LivingDataLab - Using Chain of Thought Reasoning with ChatGPT

1 Introduction

Large language models such as ChatGPT can generate text responses based on a given prompt or input. Writing prompts allow users to guide the language model’s output by providing a specific context or topic for the response. This feature has many practical applications, such as generating creative writing prompts, assisting in content creation, and even aiding in customer service chatbots.

In earlier articles i’ve looked at how you can use ChatGPT to solve some of these tasks with simple prompts.

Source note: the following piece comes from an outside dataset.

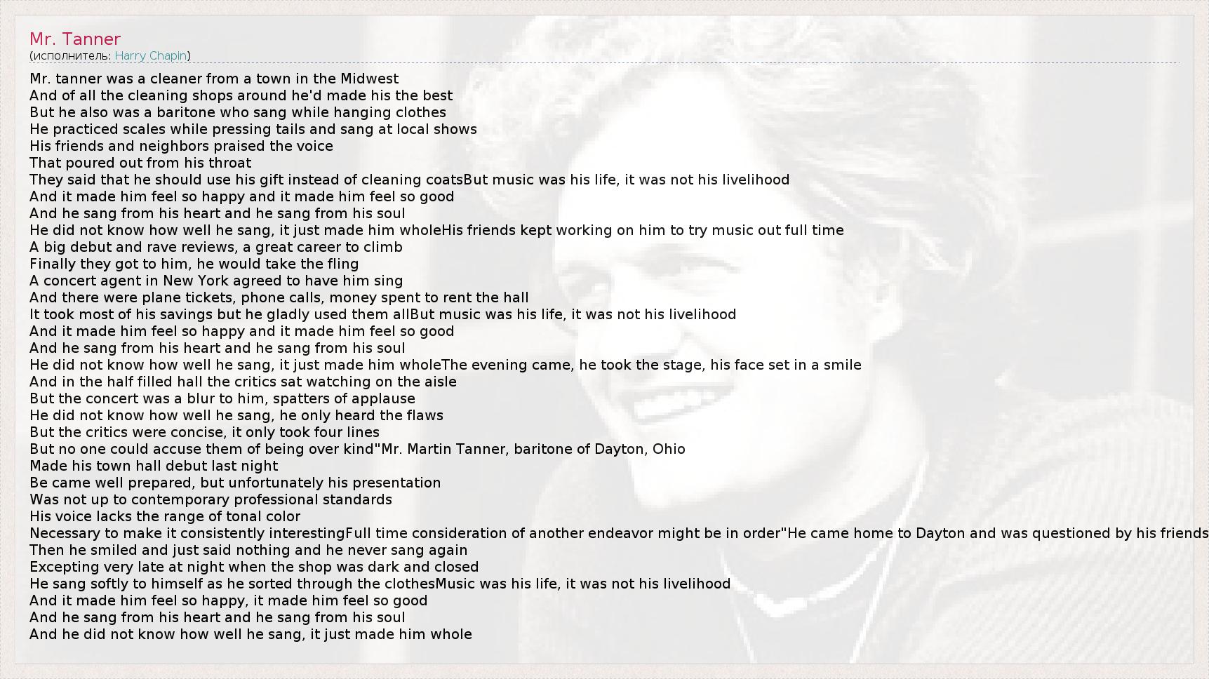 А как ты думаешь, о чем песня "Mr. Tanner" ?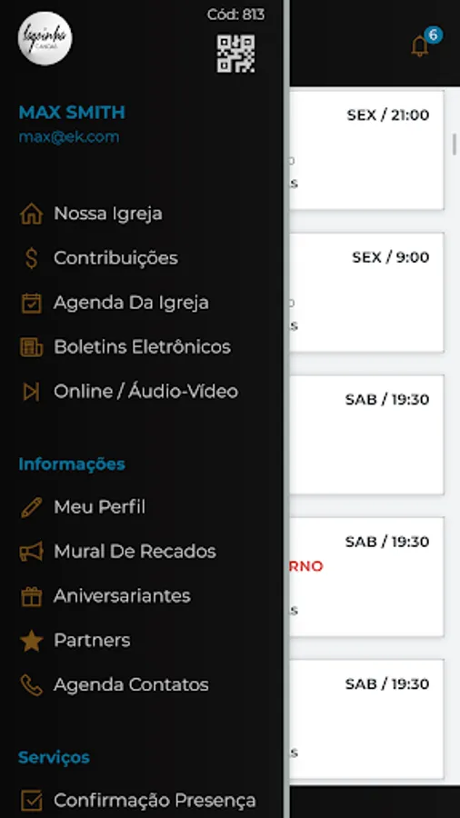 * In the item "My Profile" it is possible to update your registration data in the Church;

But in many use cases, what is required is not just one prompt but a sequence of prompts where we need to also consider the outputs at each stage, before providing a final output - for example with a customer service chatbot.

In this article we will focus on large language model tasks to process a series of inputs i.e. the tasks that take the input and generate a useful output often through a series of steps - using ChatGPT.

2 Setup

2.1 Load the API key and relevant Python libaries.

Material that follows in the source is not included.